« Je suis en grève de la faim car la situation des exilé·es est devenue insupportable »

Le 22 novembre dernier Pierre L., 63 ans, a commencé une grève de la faim à la Maison Sésame, lieu d’accueil principalement dédié pour les familles, les femmes, les enfants et les personnes vulnérables bloqué·es à la frontière franco-britannique.

La suppression des bornes d’incendie, empêchant l’accès à l’eau pour les personnes exilées, ainsi que la saisie de son camion et le déchirement des tentes, ont été les éléments déclencheurs de cette grève de la faim.
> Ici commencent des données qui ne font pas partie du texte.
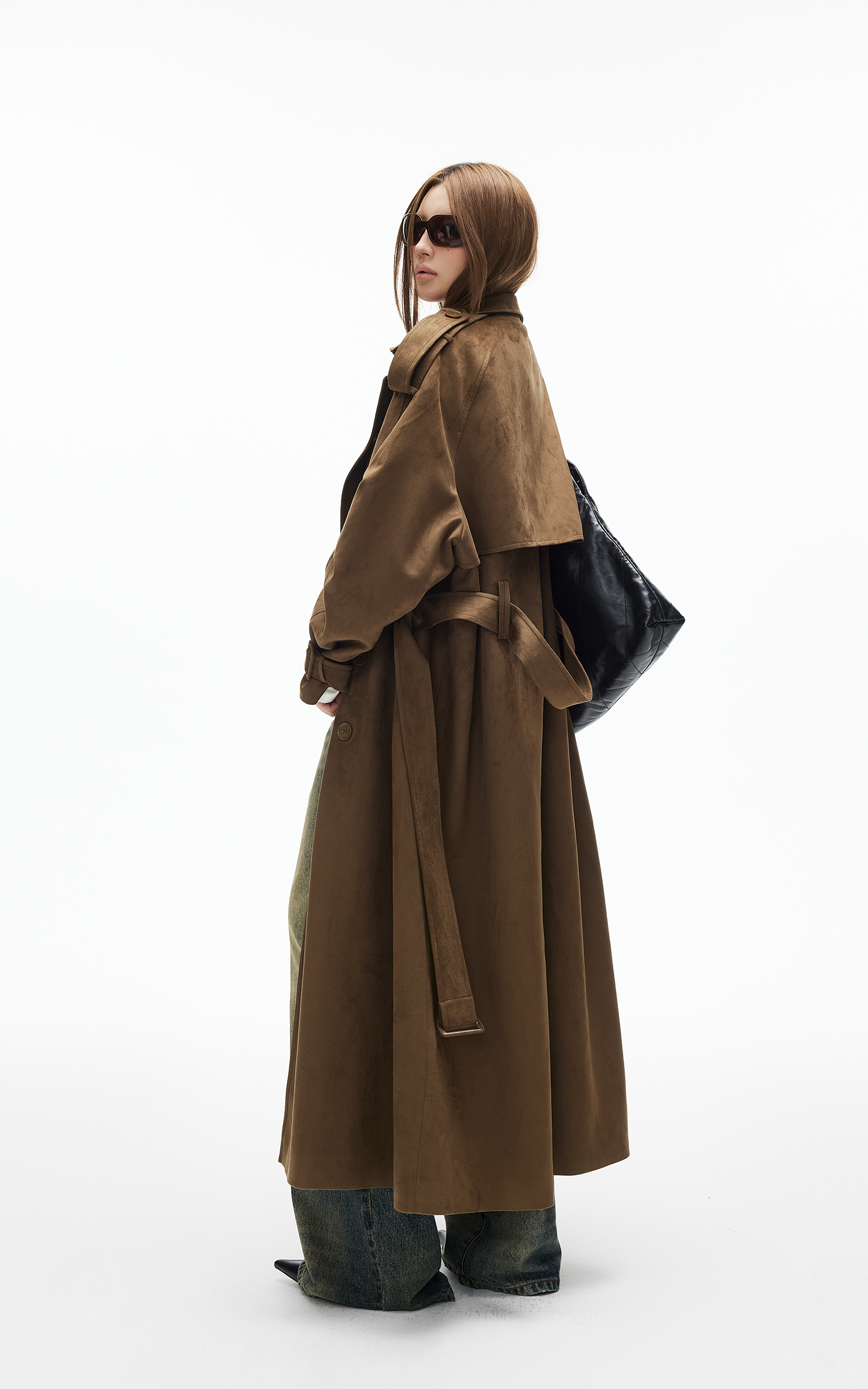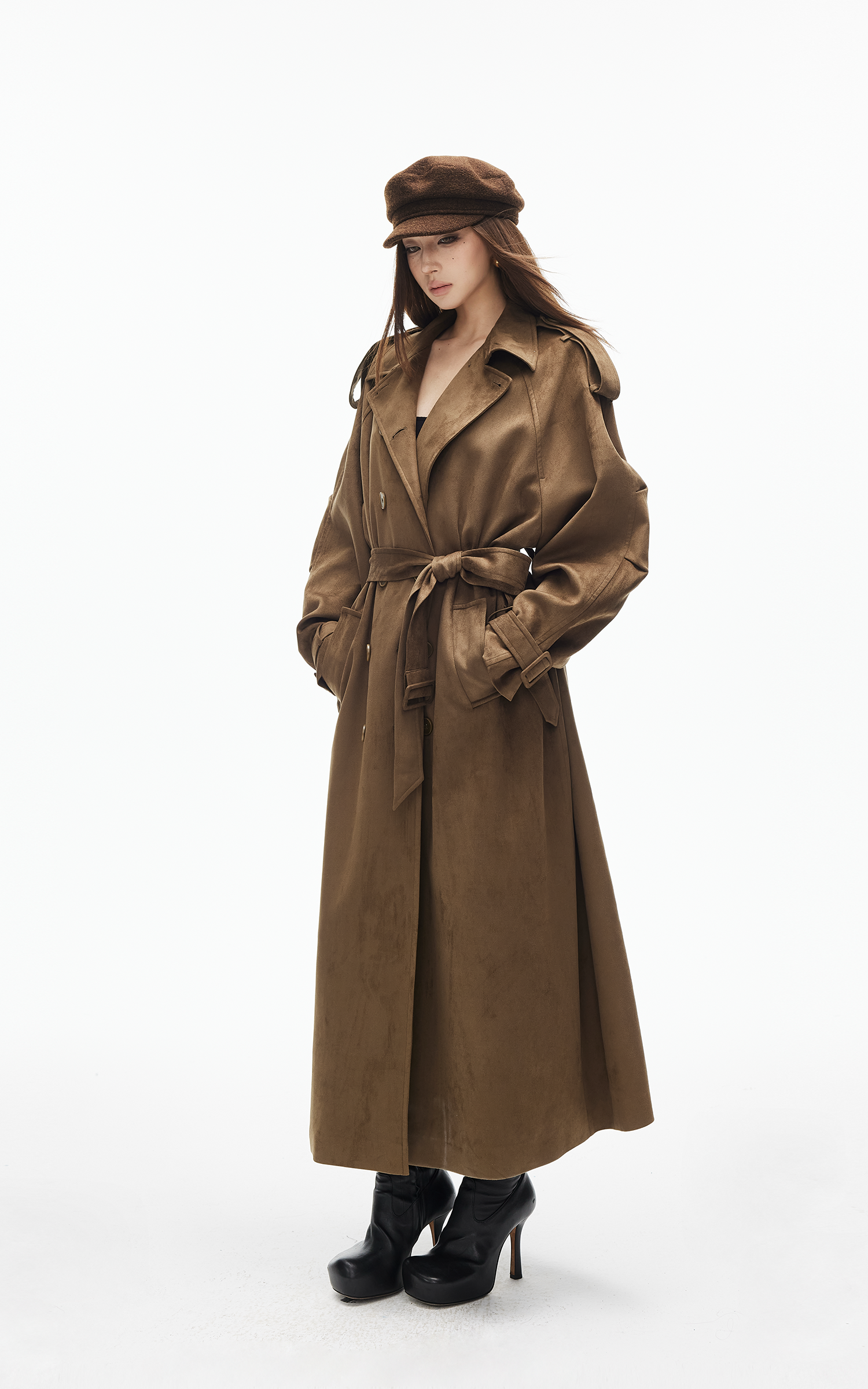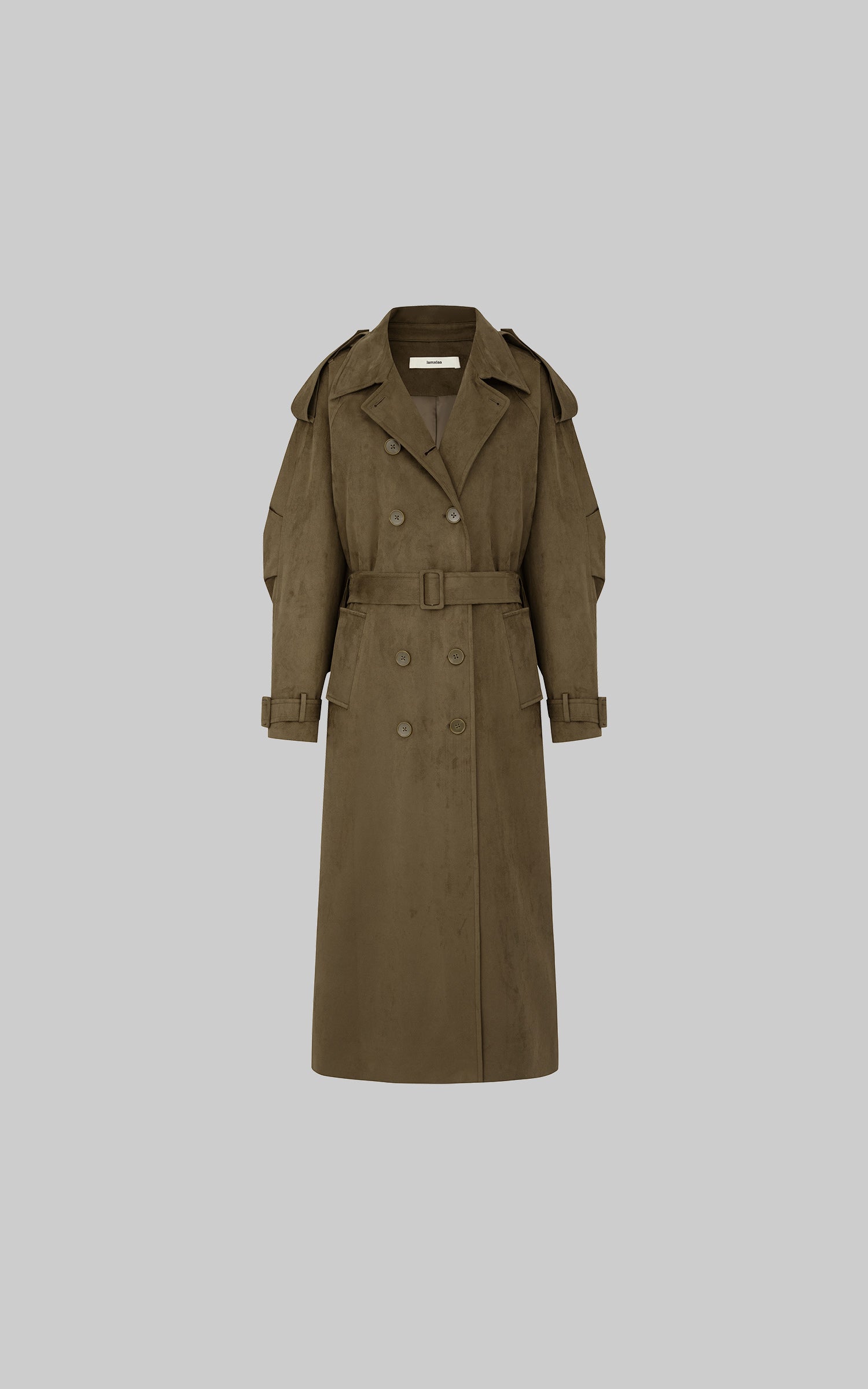 IAMXIAA Faux Suede Long Trench Coat Double Breasted Design

Bénévole depuis deux ans pour l’association SALAM, c’en est trop pour l’ancien boulanger qui réclame :

  1. Le ravitaillement en eau du camp par la sécurité civile.
  2. Le respect des associations qui travaillent dans le camp.
  3. Le respect de la loi hivernale entrée en vigueur en octobre.

« Le manque d’accès à l’eau tue sur le campement »

Lors de l’entretien, Pierre.L a partagé les difficultés auxquelles sont confrontées les personnes exilées survivant dans un campement à Loon-Plage, notamment le non-accès à l’eau. La situation décrite soulève des préoccupations quant aux droits fondamentaux et à la dignité des personnes. Elle peut également entraîner des conséquences tragiques comme cela a été le cas pour Mohamed A. retrouvé mort noyé, près de Loon-Plage, alors qu’il tentait de se doucher.

Pierre, souligne l’urgence d’agir pour garantir des conditions de vie décentes et sécurisées pour toutes les personnes, indépendamment de leur statut migratoire.

En 2022, l’association Solidarité Internationale a publié un rapport sur l’accès à l’eau, à l’hygiène et à l’assainissement sur le littoral nord de la France.

Dans le Dunkerquois, aucune réponse institutionnelle n’a été apportée cette année-là, et aucune fontaine publique n’a été installée dans la zone où vivent les personnes exilées. Seule des cuves d’eau ont été installées sur le lieu de vie principal par l’association Roots, et des bouteilles et/ou jerrycans d’eau ont été distribués de manière ponctuelle par les associations.

En ce qui concerne l’accès aux douches, le rapport de Solidarité Internationale montre qu’aucun dispositif de douches publiques n’a été proposé dans la commune. Cependant, depuis 2021, la mairie de Grande-Synthe à permis l’accès à un gymnase utilisé par l’association Refugee Women’s Center (RWC) : « L’association organise un après-midi par semaine des créneaux de douches réservés aux femmes et à leurs enfants. Aucune solution institutionnelle n’existe pour les hommes et les MNA. »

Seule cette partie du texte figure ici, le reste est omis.